All profits from the café went towards the church’s community outreach projects in Squamish, according to Davies.

The church purchased the heritage building that housed the café in the fall of 2009 and then undertook a three-year restoration process before opening.

In other downtown news, the Red Apple discount store on Cleveland Avenue is closing, as many shoppers have noticed announced on giant banners outside the store. Red Apple management said the store would be closing sometime in January, but said they cannot speak to media and directed The Squamish Chief to the store’s Mississauga, Ont. headquarters. The Chief did not receive a response to enquiries for information.

“It is sad, there is good staff, and it is cheap,” Red Apple customer

Elisa Coroni told The Squamish Chief as she left the store on Friday. Coroni said she regularly comes from Pemberton with her friends to shop at the store. “They have good deals all the time.”
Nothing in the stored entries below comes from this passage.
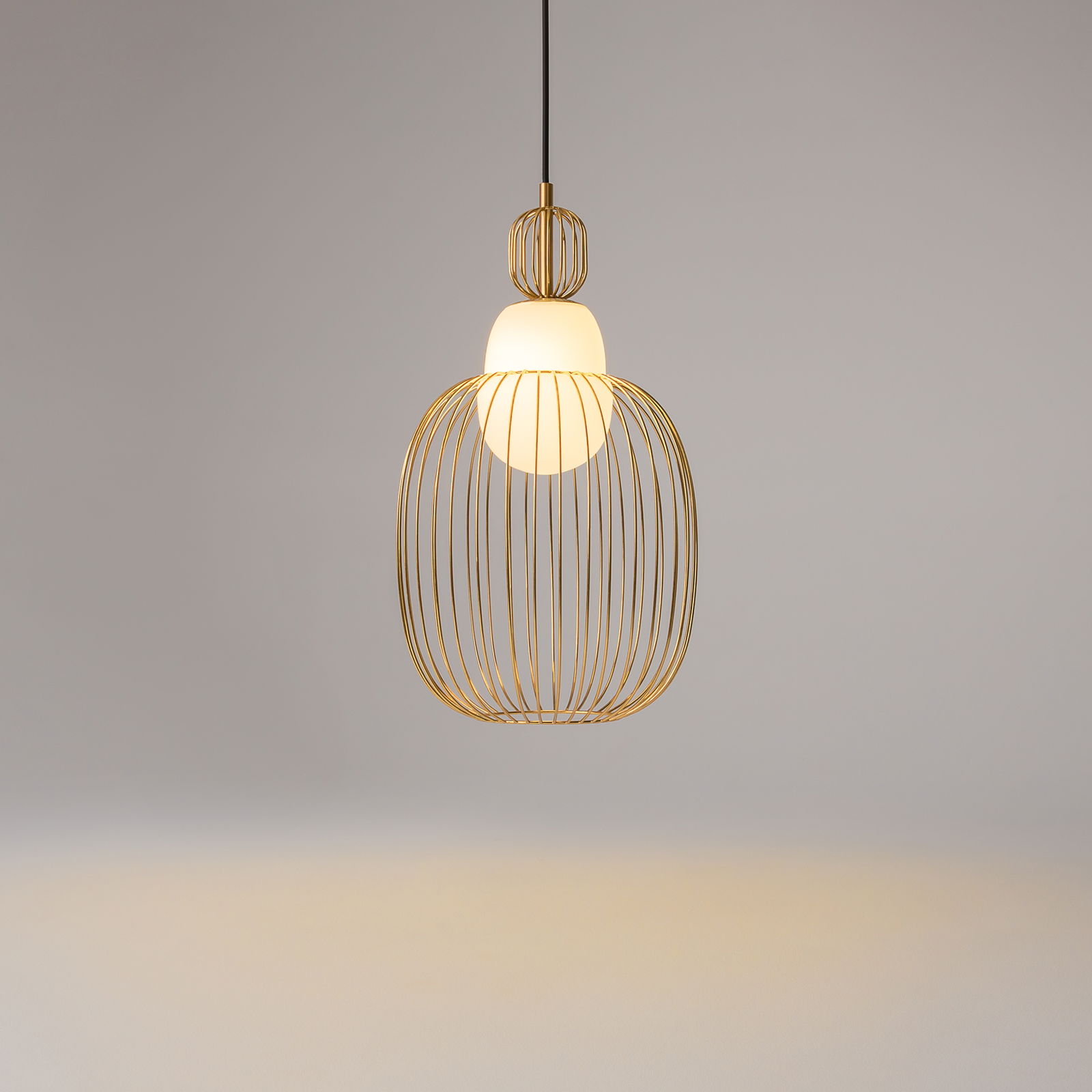Levitation Small Brass Pendant Lamp, Opal Glass, Metal, 25.8cm Diameter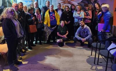 وكانت مشاركات للحضور، منها مداخلة قصيرة للفنان موسى نضال الخطيب، ومداخلة للإسبانية خواني رشماوي التي سبق وإن اعتقلت نتيجة عملها في إحدى الجمعيات في الأراضي الفلسطينية المحتلة لأكثر من ثلاثين عاماً، وتناولت في حديثها معاناة الأسرى، وكنتُ قد التقيت بها في سجن الدامون بالكرمل عدّة مرات، وتعرفت عليها وعلى ظروف اعتقالها.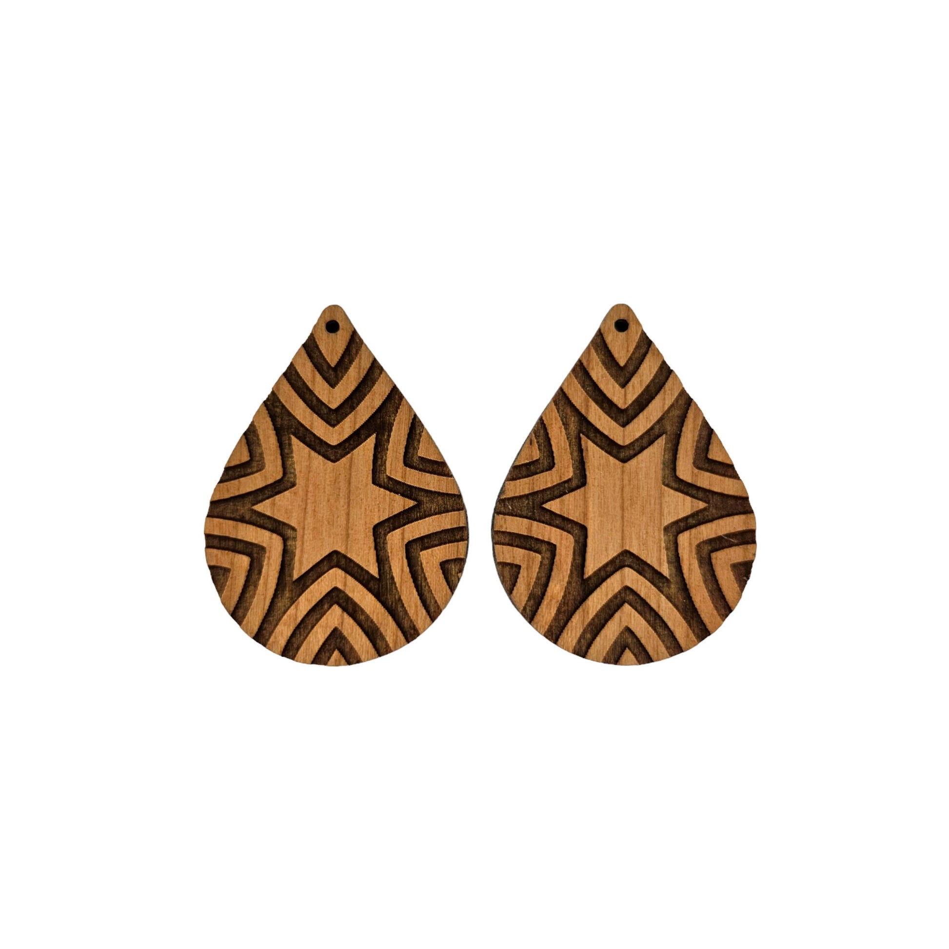 Wood earrings in a teardrop shape engraved with a Star Ray pattern handcrafted in the USA in a small father and daughter wood shop in Northern California.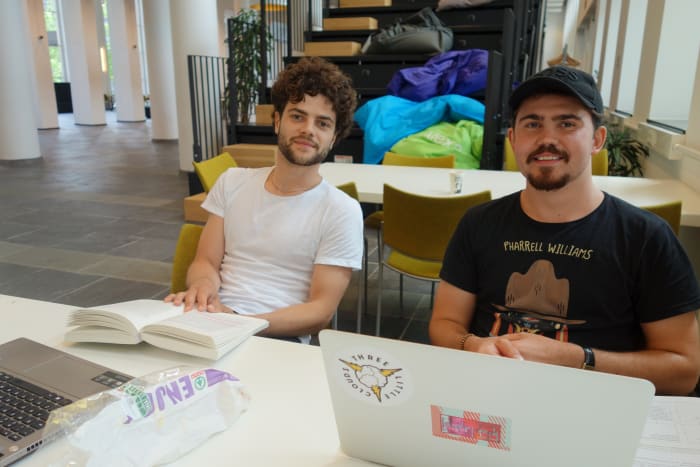 ‘Vaak als we in het Theo Thijssenhuis zitten te studeren, beginnen mensen spontaan tegen ons te praten. Meestal zitten we in het Amfi, maar we vinden dit gebouw lekker comfortabel. Ik vind het superleuk dat mensen hier zomaar een praatje komen maken. Dan vragen ze bijvoorbeeld welk programma we hebben gebruikt en dat het er zo mooi uit ziet. Laatst zei iemand ook: “Wat zie je er leuk uit!”’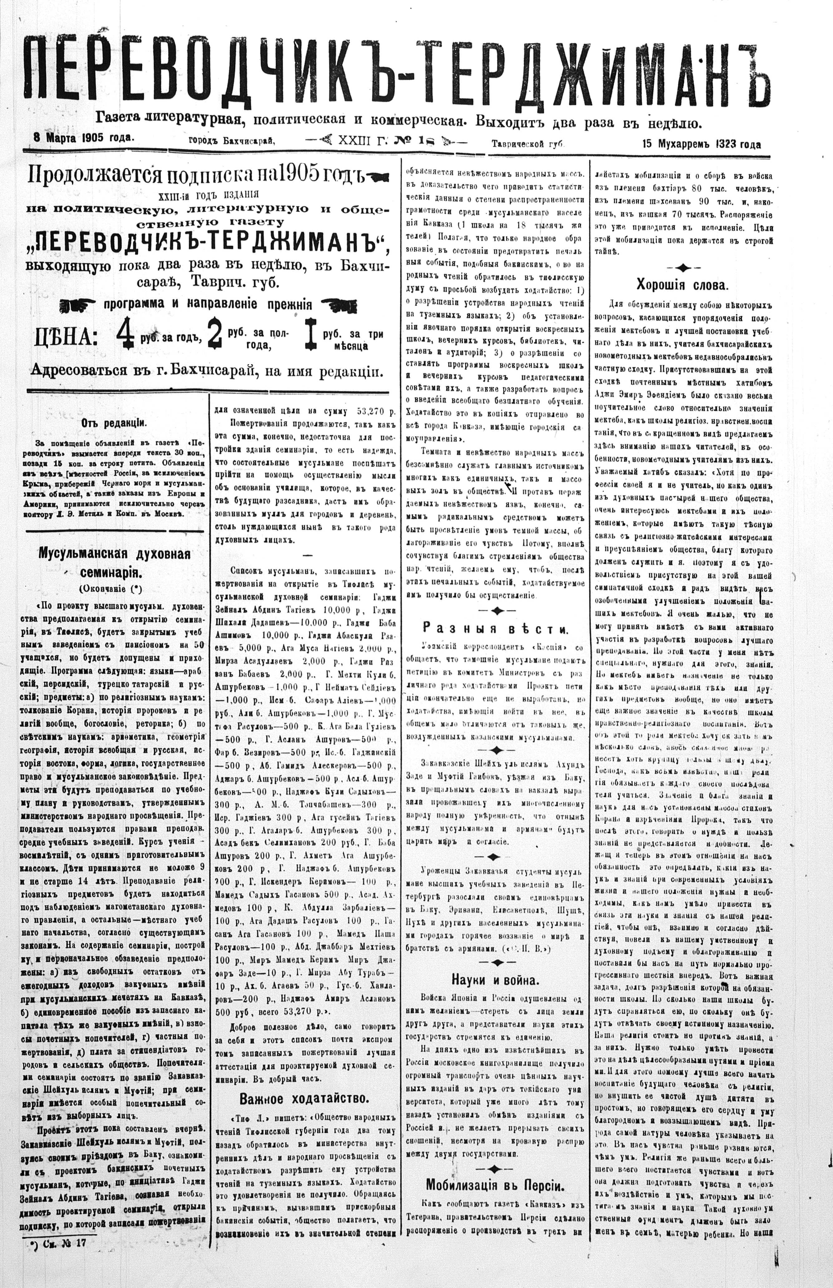 Turkish-Russian newspaper published in Crimea by İsmail Gaspıralı.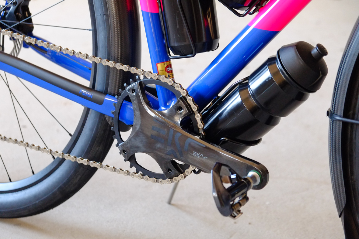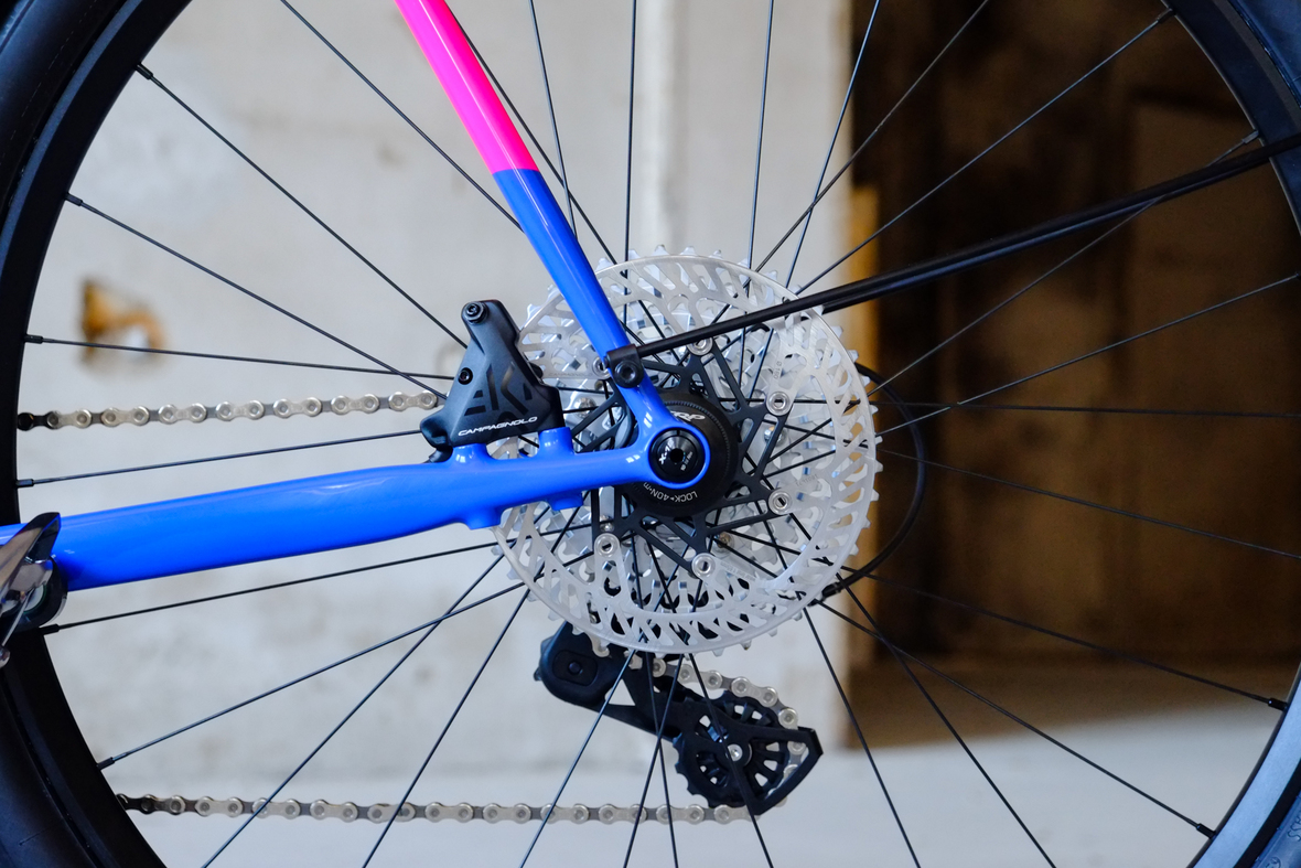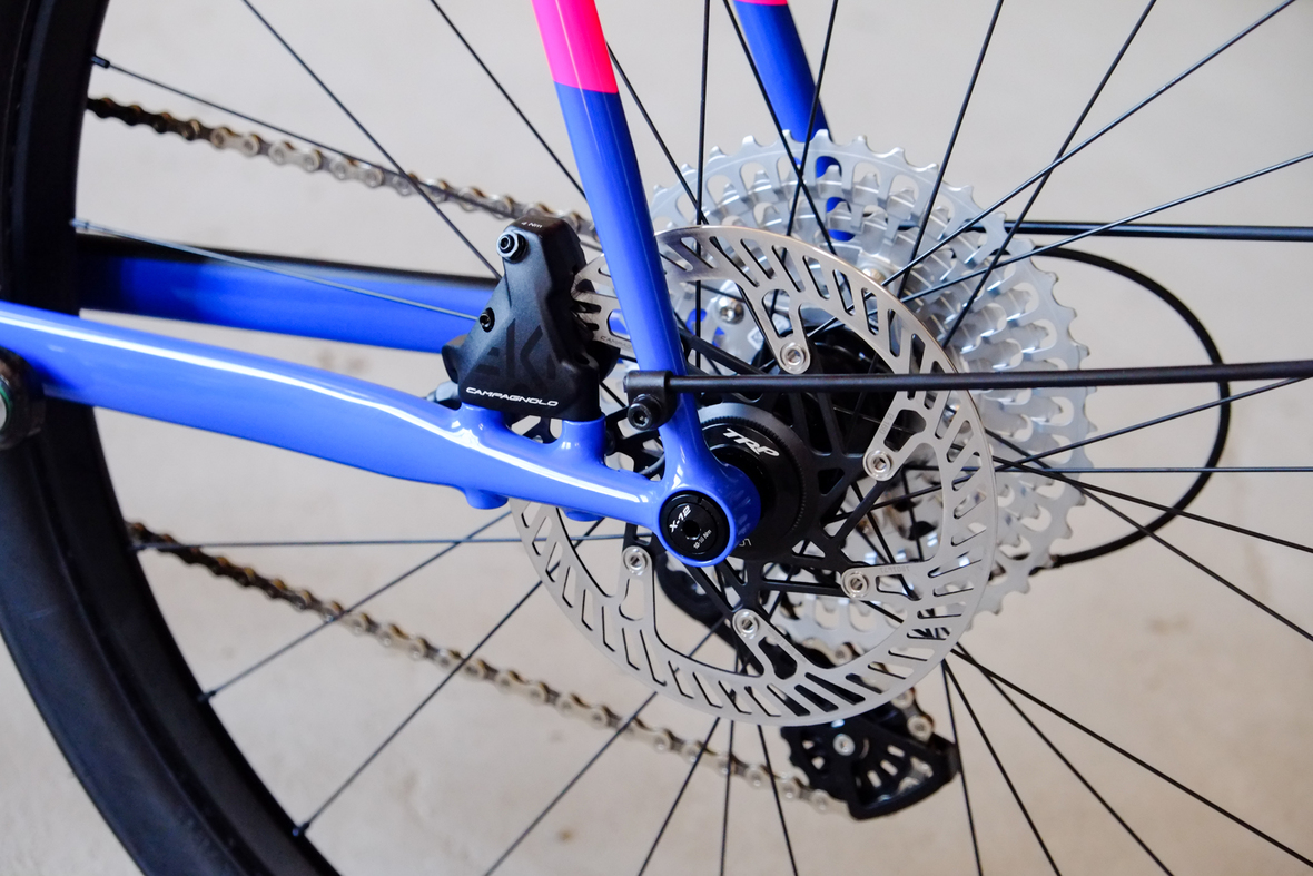 This bike ist the first allroad / modern rando bike we created with the fantastic 1 x 13sp Campagnolo Ekar Groupset. This is the perfect groupset, bringing together italien racing bike performance with modern offroad compatible gearing and excellent disc brakes.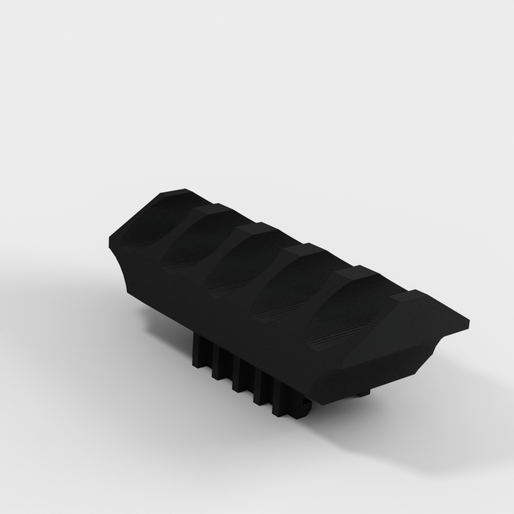 Slide-on holder for five Nerf darts. The Nerf Dart Holder easily fits onto your Nerf gun, providing quick, convenient storage for your ammunition. A must-have for any Nerf enthusiast.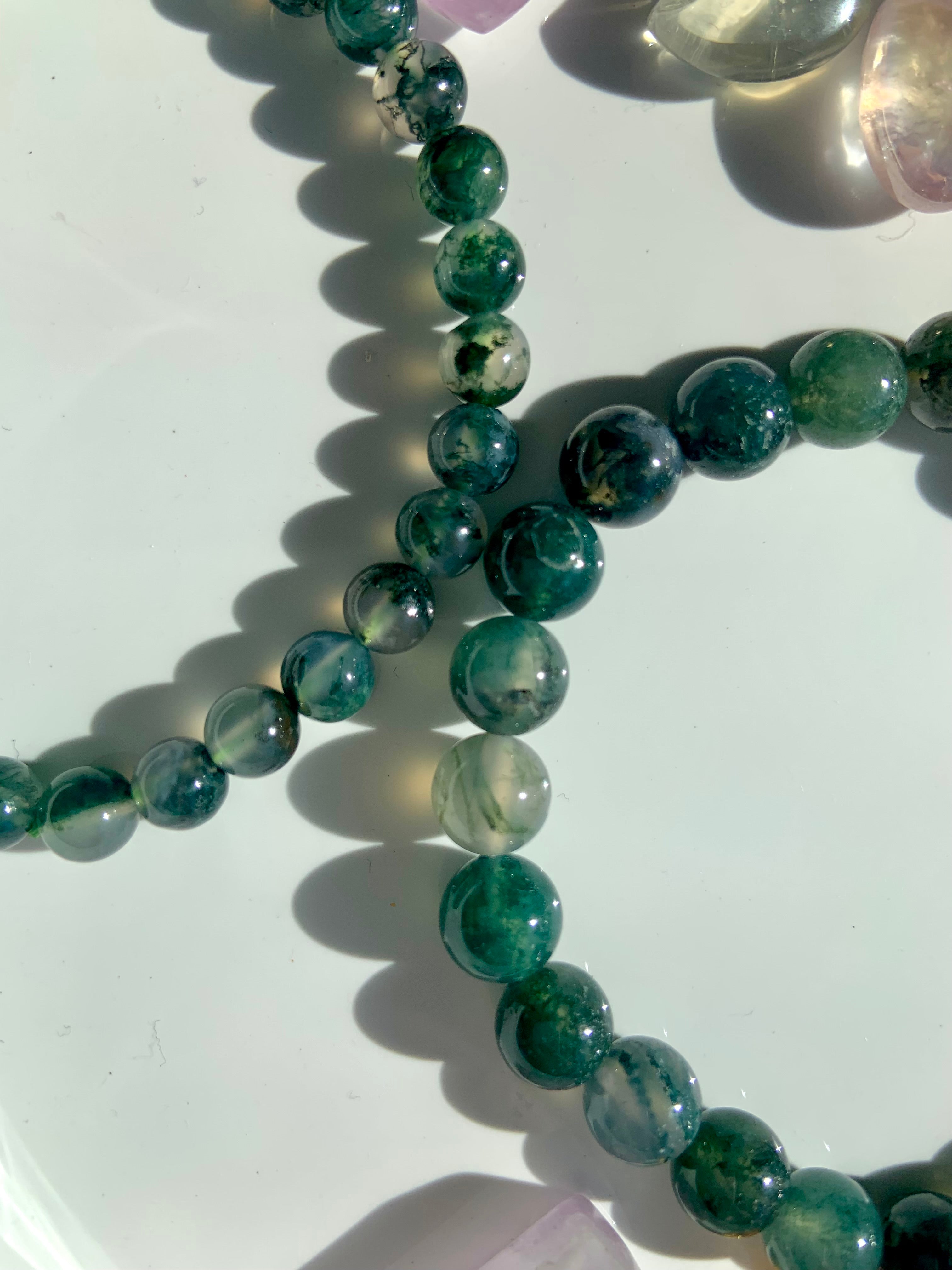 Moss Agate is a powerful Earth element stone that resonates with the Root + Heart Chakras.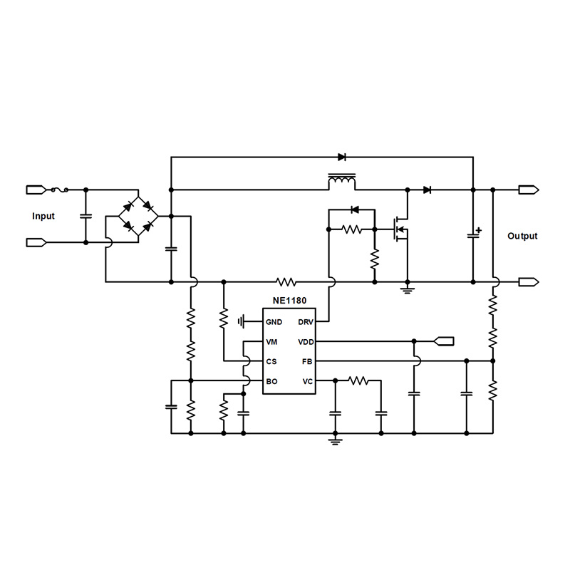 Ang NE1180 ay isang controller para sa tuluy-tuloy na on-mode (CCM) power factor correction (PFC) step-up preconverters. Sa fixed frequency mode, kinokontrol nito ang power switch on-time (PWM) at depende sa instant coil current. Ang circuit ay nakabalot sa SO-8, pinaliit ang bilang ng mga panlabas na bahagi at lubos na pinapasimple ang pagpapatupad ng PFC. Isinasama rin nito ang mataas na mga tampok sa kaligtasan para sa epektibong input power runaway clamp circuits

Bianca Peters, executive director of the Downtown Squamish BIA, said she feels badly for the employees who will lose their jobs, but she is not surprised to see the discount store closing.

“To be quite frank, we aren’t really surprised. There are a lot of dollar stores in our community and also with our demographic changing, I think we are getting a little more upscale,” she said.

Peters said she is excited to see what will replace the store come the New Year.

“Downtown has a lot of exciting things going on,” she said.

The Squamish Red Apple opened in 2012, taking over the previous Fields location. At the time, a spokeswoman for The Bargain Shop – Red Apple’s parent company – said the Squamish Red Apple would employ 15 to 20 people.

The Campfire Grill has also closed its downtown Cleveland Avenue location and new tenants are being sought. Requests for comment were not returned by press deadline.